Suvereto: in Commissione regionale per parlare di impianti energetici da fonti rinnovabili

SUVERETO – IN COMMISSIONE REGIONALE SULLE LEGGI RELATIVE AGLI IMPIANTI ENERGETICI DA FONTI RINNOVABILI

Oggi in Regione Toscana insieme al Consorzio Suvereto Val di Cornia.

Ho avuto la possibilità di intervenire nelle commissioni congiunte seconda e quarta in audizione sulle proposte di legge 35 e 40 in materia di aree idonee alla realizzazione di impianti da energia rinnovabili e semplificazione dei regimi amministrativi.

Suvereto e la Val di Cornia non sono contrari alla transizione energetica, riconoscono l’urgenza di produrre energia pulita e di contribuire alla decarbonizzazione.

La transizione non può però essere lasciata alle dinamiche del mercato né a una sommatoria di progetti privati scollegati tra loro: deve essere pianificata, regolata e condivisa con i territori.

E’ inaccettabile la concentrazione di impianti, infrastrutture e sistemi di accumulo in alcune aree.
È necessario valutare l’impatto cumulativo di tutti i progetti, non solo quello dei singoli progetti, per evitare la progressiva industrializzazione delle campagne e la perdita di valore di paesaggio, agricoltura e turismo.

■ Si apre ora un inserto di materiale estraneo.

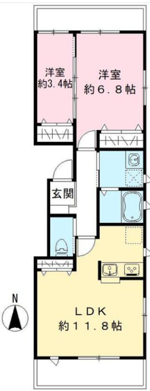 | 間取り詳細 | 洋室 6.8畳 、 洋室 3.4畳 、 LDK 11.8畳 |

Sono possibili modifiche alle leggi regionali:
stabilire una gerarchia delle aree idonee*; includere nel computo del consumo di suolo anche le infrastrutture energetiche oltre che gli impianti; impedire il frazionamento artificioso dei progetti; rafforzare il ruolo dei Comuni nella scelta delle aree preferenziali; introdurre criteri più rigorosi contro la concentrazione degli impianti; ampliare le fasce di rispetto per i BESS, tutelando vigneti, oliveti e colture permanenti.

La Regione, però, va detto, non può agire da sola: molte norme dipendono dal livello nazionale.
Per questo chiediamo una forte azione politica: una cabina di regia tra Regione, MASE, Terna e gli enti locali, per pianificare le infrastrutture prima dei progetti, definire i corridoi meno impattanti e distribuire equamente gli interventi.

La vera sfida non è decidere se fare la transizione energetica, ma come farla, in modo giusto, ordinato e rispettoso dei territori.
*Prima le aree industriali, artigianali, le grandi aree commerciali, le discariche e le aree dimesse e da riqualificare.
Riempiamo quelle di impianti green e tuteliamo le nostre campagne!

Sì alle rinnovabili, ma con regole, pianificazione e tutela della nostra campagna e della nostra Toscana.